::: SUPPLIED MATERIAL

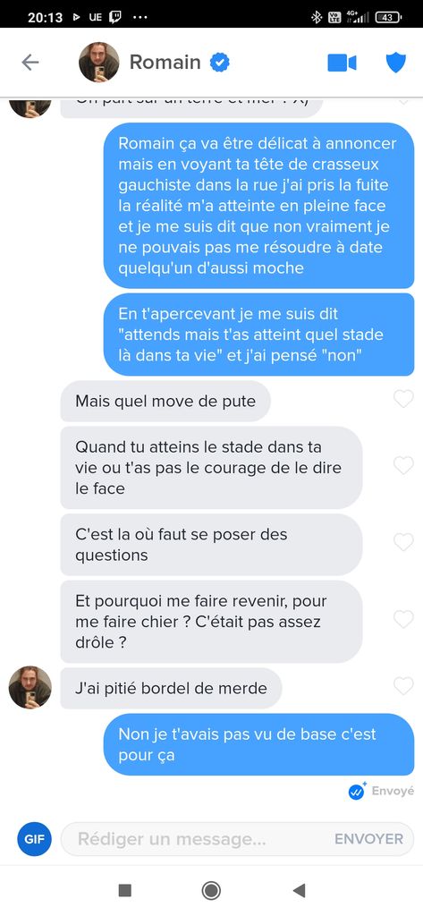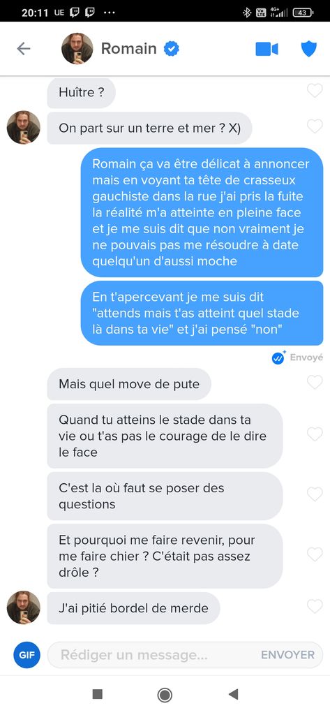 Tu aurais du plus avoir plus de tact et écrire comme une gonzesse, le message aurait été plus douloureux, or là c'est évident que c'est un canular.
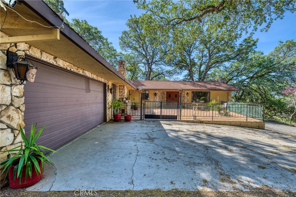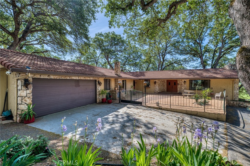 Escape to your own private oasis nestled on over five acres of scenic, fenced and cross-fenced land. This unique Spanish-inspired home welcomes you through an electric solar gate and along a lovely paved driveway, leading to a peaceful retreat designed for comfort, creativity, and country living. The property offers an impressive array of amenities, including a large barn/shop, multiple storage sheds, a travel trailer for storage, and a single-wide home ready for renovation or guest use (does need work). The beautifully landscaped yard enjoys ample shade from mature trees and features both a tiled, fenced front patio and an expansive wood deck and brick patio in the back—perfect for relaxing or entertaining. Step inside to discover warm custom woodwork, wood-laminate flooring, and abundant natural light. The inviting living room showcases a built-in fireplace, kerosene monitor heater, ceiling fan, and elegant wood beams. The spacious kitchen is a cook’s delight with a central island featuring an electric glass cooktop and indoor griddle, tiled countertops and flooring, a pantry, dual sink, oven, microwave, and generous cabinet space. The adjoining dining area offers easy access to the back deck through sliding glass doors. A versatile laundry/bar room includes a closet, sink, baseboard heater, and sliding door to the patio—ideal for use as a fourth bedroom, guest suite, or hobby space. It also provides access to a convenient ¾ bath with a walk-in shower. Down the hall, a full guest bath and guest bedroom offer comfortable accommodations for family or visitors. The primary suite is a true sanctuary, featuring vaulted ceilings, a walk-in closet with custom shelving, fireplace, monitor heater, and two sliding doors opening to both the front and back patios. The luxurious ensuite bathroom includes dual island sinks, two toilets, a deep soaking tub, walk-in shower, and an expansive vanity with built-in storage. Additional amenities include a hot tub room accessible from the suite, central heat and A/C, tiled roof, iron security bars on windows, exterior security cameras, public water, and a septic system. Experience the tranquility, charm, and functionality of this exceptional ranch property—offering a harmonious blend of rustic character and modern comfort in the heart of Upper Lake. (Buyer to verify square footage and age of home.)
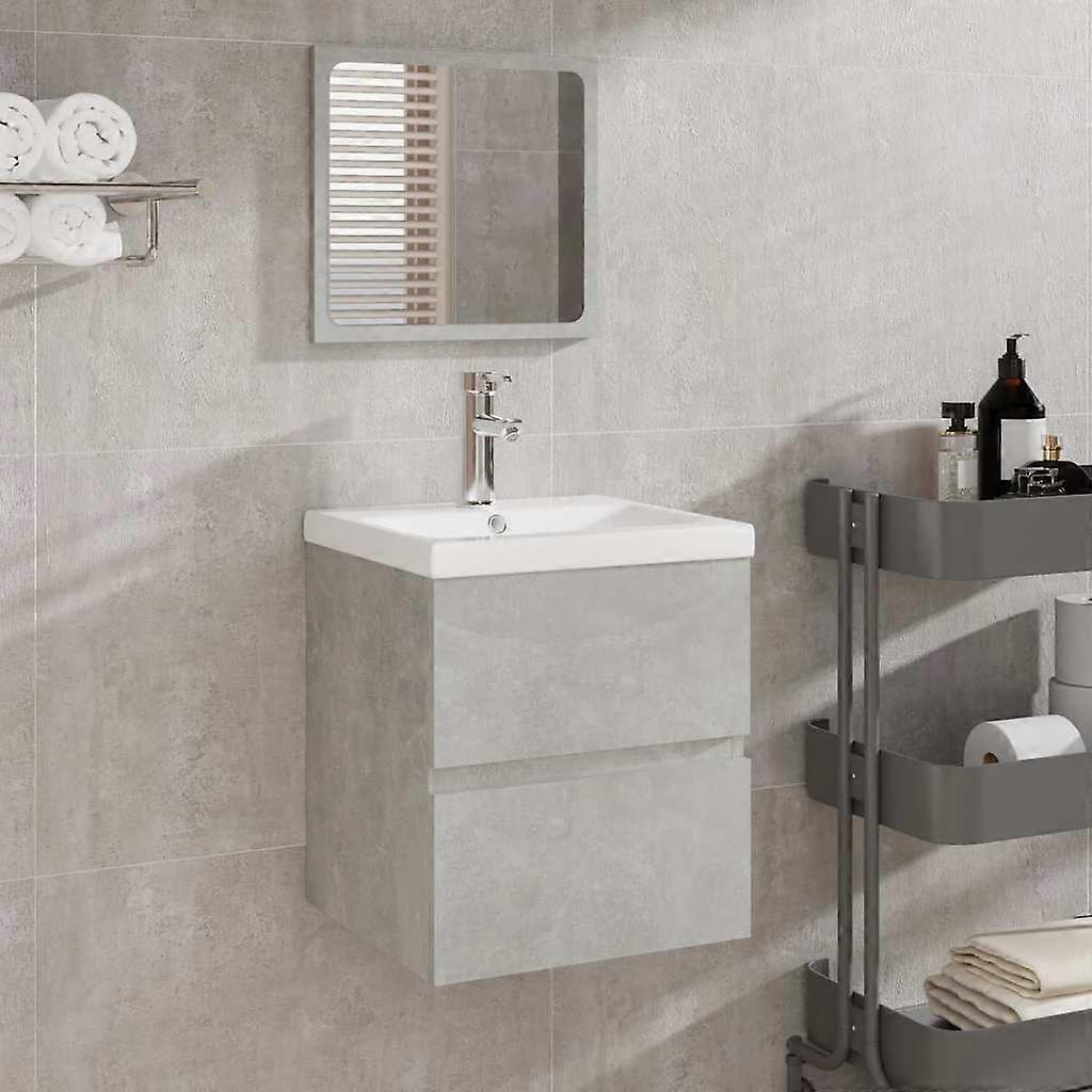Badschrank mit Spiegel Betongrau Holzwerkstoff
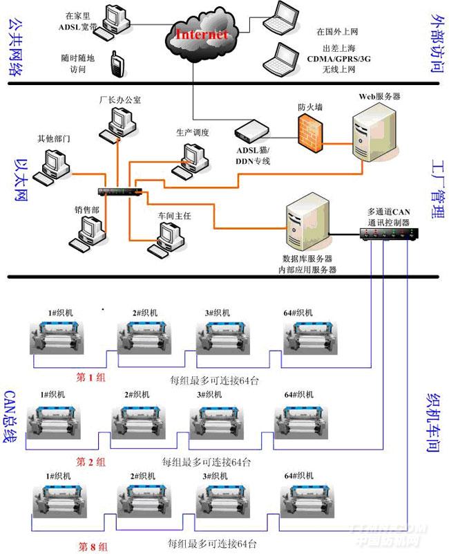 二、PsZJYB織機在線驗布單元的組網。本單元可以用以太網或CAN總線組網運行;針對該設備的網絡化管理我們分為3個層次,充分利用最新計算機控制技術和網絡技術,組成一個完整而有效的網絡架構,為紡機企業的信息化提供真實和翔實的數據; 完整的網絡架構圖如下圖所示:
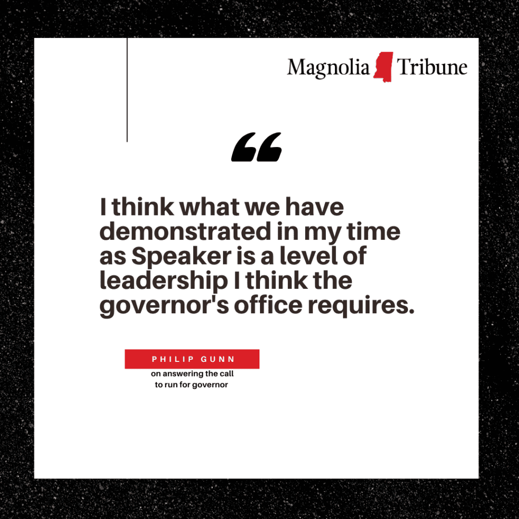 Gunn sat down for an exclusive, wide-ranging interview with Magnolia Tribune following his gubernatorial campaign announcement. He talked openly about his time as Speaker, what separates him from a potentially crowded field, and the next steps he sees in continuing to strengthen Mississippi through conservative policymaking and its implementation as the state’s chief executive.
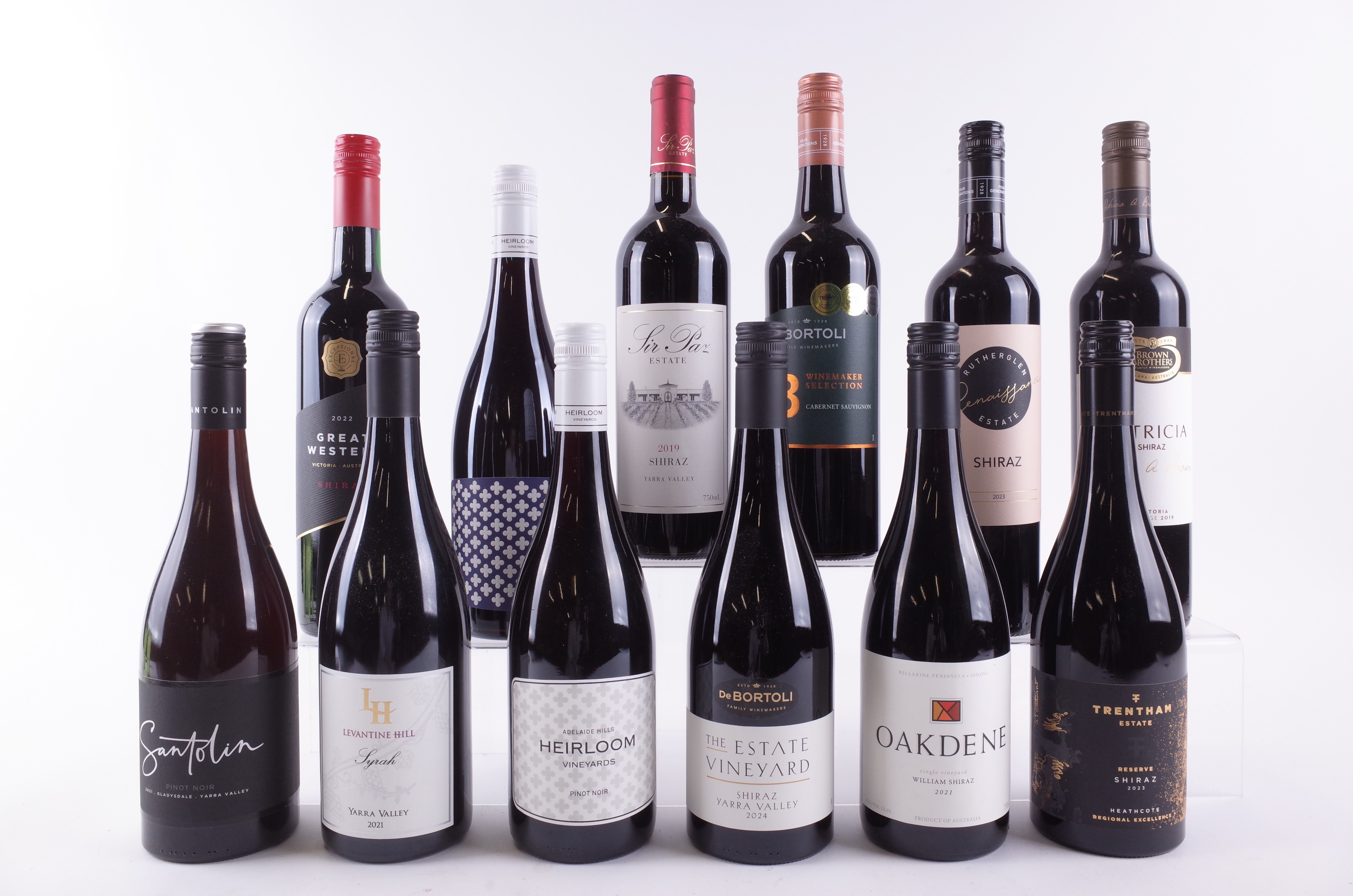 Santolin Pinot Noir 2021; Levantine Hill Syrah 2021; Heirloom Vineyards Pinot Noir 2024 and Alcazar Castle Pinot Noir 2024; De Bertoli The Estate Vineyard Shiraz 2024 and Winemaker Selection Cabernet Sauvignon 2023; Oakdene William Shiraz 2021; Trentham Estate Reserve Shiraz 2023; Brown Brothers Patricia Shiraz 2019; Rutherglen Estate Rennaissance Shiraz 2023; Sir Paz Estate Shiraz 2019; Asda Exceptional Great Western Shiraz 2022
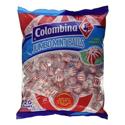 Individually wrapped jumbo mint hard candy balls. Made with pure mint oil and real cane sugar.
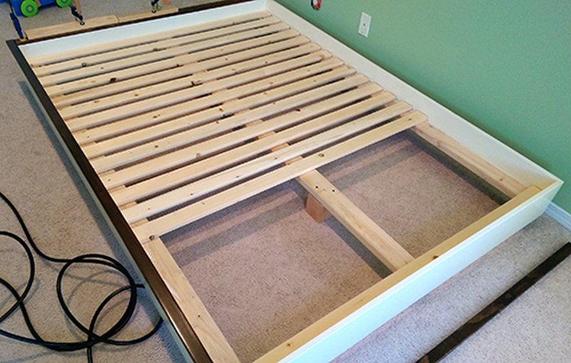Чтобы изготовить опоры донышка кровати, в досках просверливаются направляющие отверстия – от края отступают 5 сантиметров, далее – через каждые 20-25 см. Когда каркас просохнет, его ставят набок, прикрепляют опорные бруски. Для этого при помощи регулируемого угольника чертят линию, отступив от нижнего края основания 50-55 мм. Столярный клей наносят волнообразно, на всю длину брусков, а также на торцы. Далее бруски закрепляются в нужных местах 50-миллиметровыми саморезами, каркас переворачивается, детали прижимаются струбцинами.

::::::

WHAT IS BEING ASKED:
Reproduce the data above exactly, but only from the line containing "Gunn sat down" through the line containing "Individually wrapped jumbo". Omit all pictures.

WORKED SOLUTION:
 Gunn sat down for an exclusive, wide-ranging interview with Magnolia Tribune following his gubernatorial campaign announcement. He talked openly about his time as Speaker, what separates him from a potentially crowded field, and the next steps he sees in continuing to strengthen Mississippi through conservative policymaking and its implementation as the state’s chief executive.
 Santolin Pinot Noir 2021; Levantine Hill Syrah 2021; Heirloom Vineyards Pinot Noir 2024 and Alcazar Castle Pinot Noir 2024; De Bertoli The Estate Vineyard Shiraz 2024 and Winemaker Selection Cabernet Sauvignon 2023; Oakdene William Shiraz 2021; Trentham Estate Reserve Shiraz 2023; Brown Brothers Patricia Shiraz 2019; Rutherglen Estate Rennaissance Shiraz 2023; Sir Paz Estate Shiraz 2019; Asda Exceptional Great Western Shiraz 2022
 Individually wrapped jumbo mint hard candy balls. Made with pure mint oil and real cane sugar.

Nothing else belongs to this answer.